If you have not heard Andy Offut Irwin's Aunt Marguerite from Covington Georgia, you have missed a treat. He. has. her. down. I have Newton County roots myself. I have met that woman! She gives two examples of "The very defininition of a fool...": "some one who'd pay a dollar for a bottle of wahrter..." or "... buy a bale of pine straw in Jahrja." One of her neighbors would not go to the optician who recommended progressive lenses "... Ah'm a R'publican!"

The Midnight Cabaret was one of our favorites: Bill Harley ... and friends. Great music (What a keyboard artist is Bill's friend whose name I forget! I swear he rivals James Willis.) and some storytelling in between.
"The most radical thing in America is a longterm memory!"
He called Willy Chaflin and Barbara McBride Smith and a couple of others to the stage to help him with a hilarious "radio play". "That's like beating a dead horse of a different color!"
He talked of his father's laissez faire parenting style: "My Dad figured I was stupid enough to learn from my own mistakes." He sang his song "Daddy Played the Phonograph" and explained, "It's not enough to know how to play, you have to know how to listen too."

And he mused: "You can't see the story when you are in it."

As Bill finished up the evening he reminded us of Edgar Mitchell's awe-inspiring glimpse of the whole earth and famous exclamation: "Now I know why I have come so far."
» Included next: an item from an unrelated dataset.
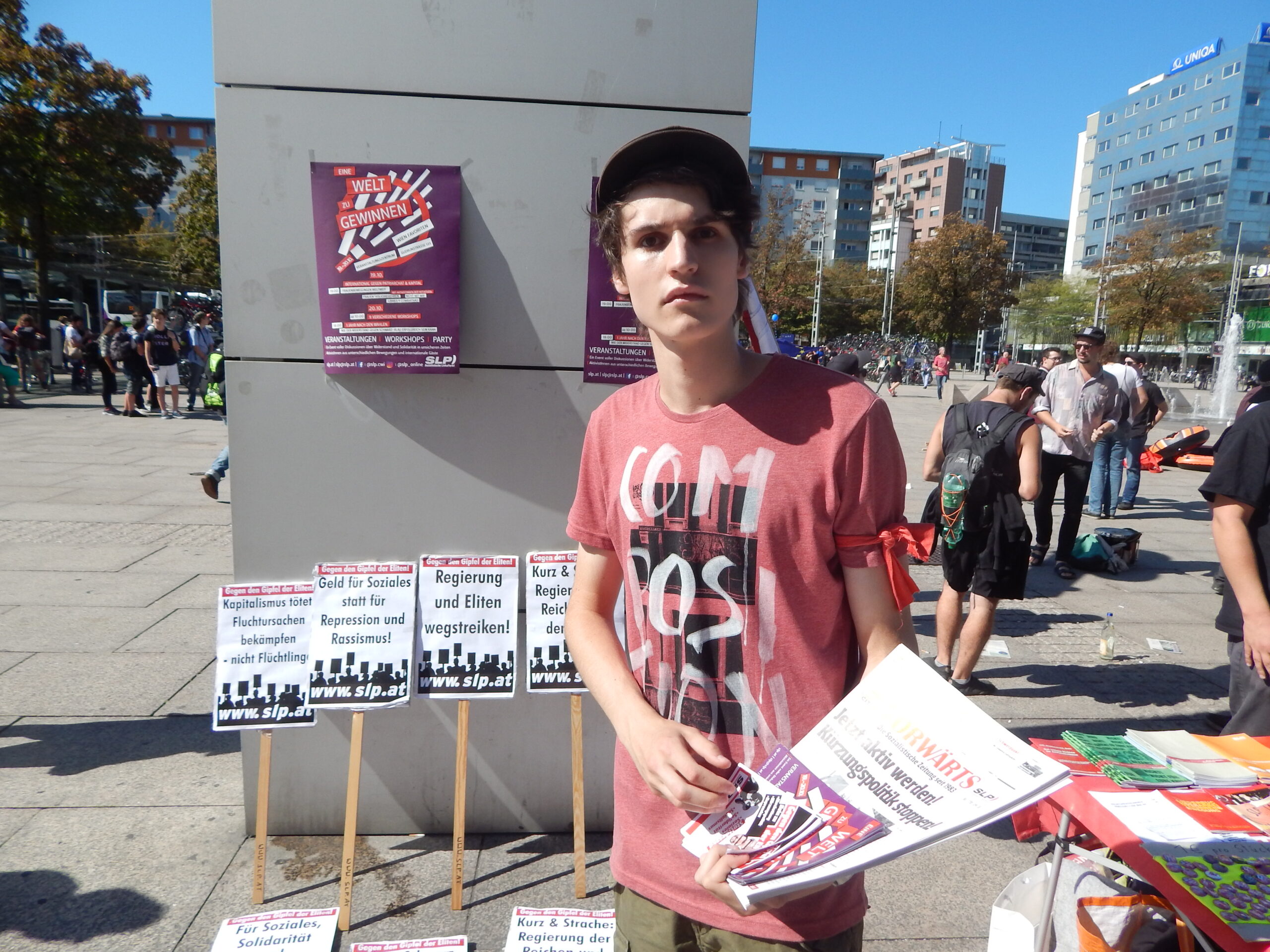 “Ich bin heute gegen die EU der Banken und Konzerne auf der Straße. Ich glaube, dass es notwendig ist, die Politik von Kurz, Strache und ihren europäischen Freunden zu bekämpfen. Die Demo sollte ein Ausgangspunkt für Proteste und Streiks gegen den Zwölfstundentag und die Zerschlagung des Gesundheitssystems sein.”

Saturday, October 02, 2010

Friday at the National Storytelling Convention

What a great time we are having! Yesterday we spent many happy hours hearing stories and songs. We have heard several of my old favorites and several of my new favorites!
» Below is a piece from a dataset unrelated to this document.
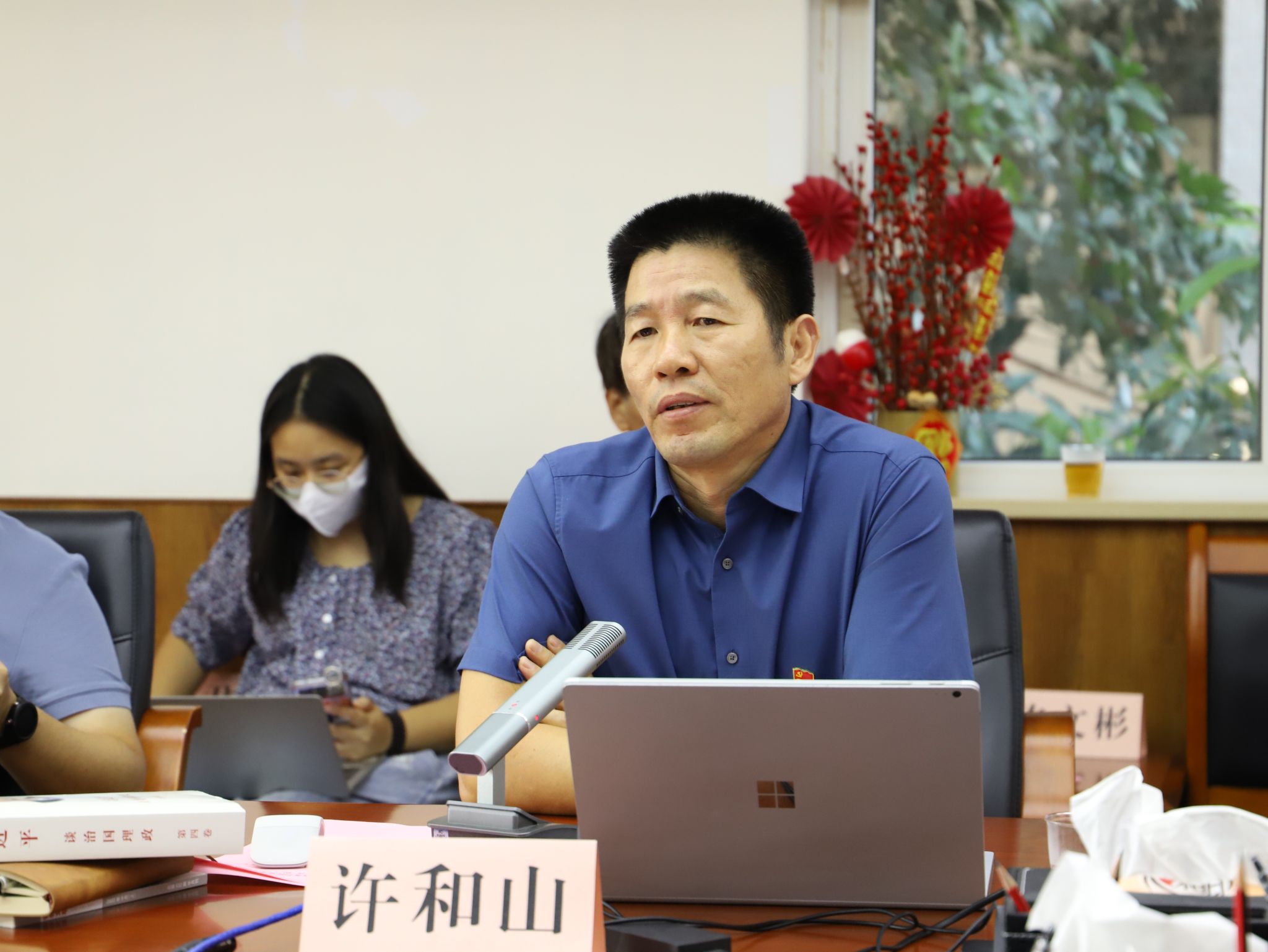 许和山强调,一流党建为一流学科发展指引方向,对于哲学社会科学而言,加强和改善党对哲学社会科学工作的领导,是繁荣发展我国哲学社会科学事业的根本保证。近年来,法学院党委探索出一条以一流党建引领一流事业高质量发展的新路,有效推进一流学院和一流学科建设。法学院持之以恒加强理论武装,扎实开展“不忘初心、牢记使命”主题教育、党史学习教育,坚持“以学促讲、以讲助学”,带动学院党政人员积极撰写理论文章,在中宣部党建网、中组部共产党员网、教育部高校思政网等国内主流媒体发表理论文章,夯实干事创业的理论根基。同时,法学院坚持将政治理论学习和专业学习有机融合,深入贯彻落实习近平法治思想,打造法学特色的理论学习模式,持续推进党建和事业发展深度融合。

Kevin Kling's evil old woman walked "... grass dying around her feet...". Another of his characters "... didn't know coincidence: to a fool there's no such thing."

When John McCutcheon missed a word of a song he interjected: "When your memory goes ... forget it!"
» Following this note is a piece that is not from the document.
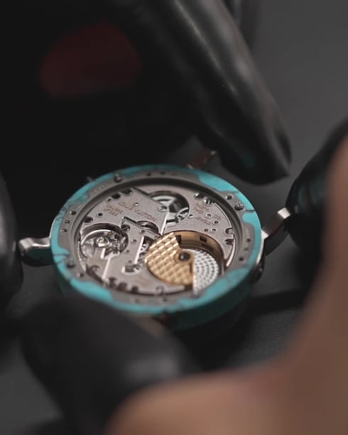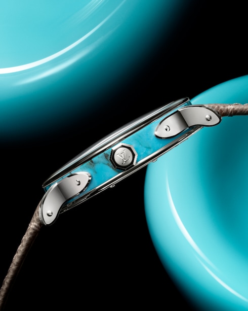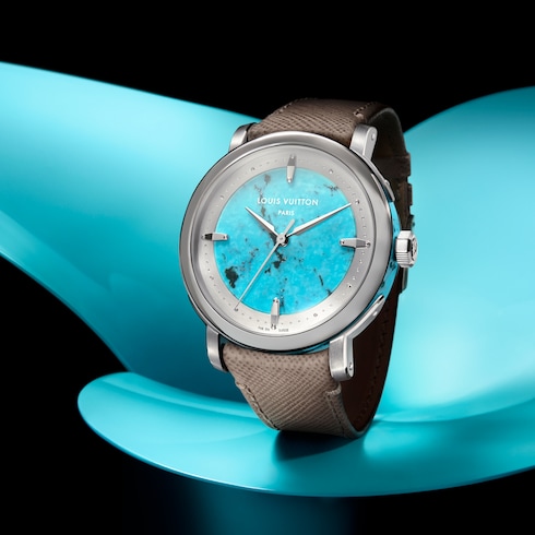 Louis Vuitton Escale Turquoise ผสานหน้าปัดและตัวเรือนตรงกลางจากอัญมณีสีฟ้าสดใส ซึ่งตัดจากสายแร่เลอค่าชิ้นเดียวกันที่ให้ลวดลายธรรมชาติอันงดงามล้ำลึกเพื่อให้นาฬิกาแต่ละเรือนมีเอกลักษณ์เฉพาะตัว นาฬิกาขนาด 40 มม. รุ่นนี้สะท้อนความเชี่ยวชาญทางเทคนิคของ La Fabrique des Boîtiers ซึ่งเป็นเวิร์กช็อปของหลุยส์ วิตตองในนครเจนีวาที่อุทิศให้กับศิลปะแห่งการรังสรรค์โครงสร้างตัวเรือนชั้นสูง

My new facebook friend, Suzi Whaples, described one of her characters as "... madder'n a 'possum turned upright!" She is a-m-a-z-i-n-g!

Andy Offutt Irwin, another Georgia boy, explained that in the South folks think an "underwire bra" is redundant!

Corinne Stavish told the story of Sarah from the old lady's point-of-view. Imagine! (I remember, the first Sunday after Brannon Ruth Shaw was born, that James Sanders used the story of Abraham and Sarah in his children's sermon, then had me distribute my Baby Ruth candy bars. Hmmmm.)

Bill Lepp patiently gave the history of the invention of the Tiki Torch. Later he suggested that deerhunters would be more successful if they took a hint from car manufacturers. Cars are made ever more bullet-like, why not make bullets car-shaped. Why, wouldn't deer just jump right out in front of those things?

Michael Parent's semi-fictional cousin Artie, given the choice of having his pizza cut six or eight ways, chose six. He just wasn't sure he could eat as many as eight.

Carmen Deedy's father to Carmen's mom: "May God bless the tree that gave the wood that made the bed where you were conceived."

Frenchman Abbi Patrix: "Truth and falsehood live in the same house..." [points to noggin] "...and use the same door." [points to mouth].

Minton Sparks described Vicki Pickle's mother as "... smokin' herself into a bass..."

We started at 10 a.m. and finished up a few minutes after midnight, tired but happy.